**INFORMATION SHOWN**
+ + + + + + +

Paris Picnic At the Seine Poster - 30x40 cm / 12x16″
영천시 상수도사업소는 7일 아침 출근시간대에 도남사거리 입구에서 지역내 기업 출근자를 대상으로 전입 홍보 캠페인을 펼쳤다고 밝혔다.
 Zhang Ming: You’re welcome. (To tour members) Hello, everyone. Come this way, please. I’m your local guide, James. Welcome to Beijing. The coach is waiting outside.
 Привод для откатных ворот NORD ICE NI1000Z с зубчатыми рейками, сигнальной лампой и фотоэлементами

+ + + + + + +

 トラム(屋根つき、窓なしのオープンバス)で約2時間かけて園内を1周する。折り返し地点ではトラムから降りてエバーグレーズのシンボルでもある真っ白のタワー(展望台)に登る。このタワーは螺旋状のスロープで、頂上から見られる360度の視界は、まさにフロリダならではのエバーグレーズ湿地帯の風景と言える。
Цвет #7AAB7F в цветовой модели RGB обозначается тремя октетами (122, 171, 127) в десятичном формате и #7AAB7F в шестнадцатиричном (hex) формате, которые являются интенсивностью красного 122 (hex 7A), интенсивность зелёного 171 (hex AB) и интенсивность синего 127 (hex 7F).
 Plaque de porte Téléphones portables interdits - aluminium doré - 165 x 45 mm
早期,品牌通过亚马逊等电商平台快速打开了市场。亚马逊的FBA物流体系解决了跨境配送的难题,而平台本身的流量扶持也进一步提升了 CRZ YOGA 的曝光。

+ + + + + + +

**WORK REQUIRED**
The range runs from the line above containing "Zhang Ming: You’re" to the line containing "Привод для откатных", inclusive. Restate those lines word for word and no others.

**TASK RESULT**
 Zhang Ming: You’re welcome. (To tour members) Hello, everyone. Come this way, please. I’m your local guide, James. Welcome to Beijing. The coach is waiting outside.
 Привод для откатных ворот NORD ICE NI1000Z с зубчатыми рейками, сигнальной лампой и фотоэлементами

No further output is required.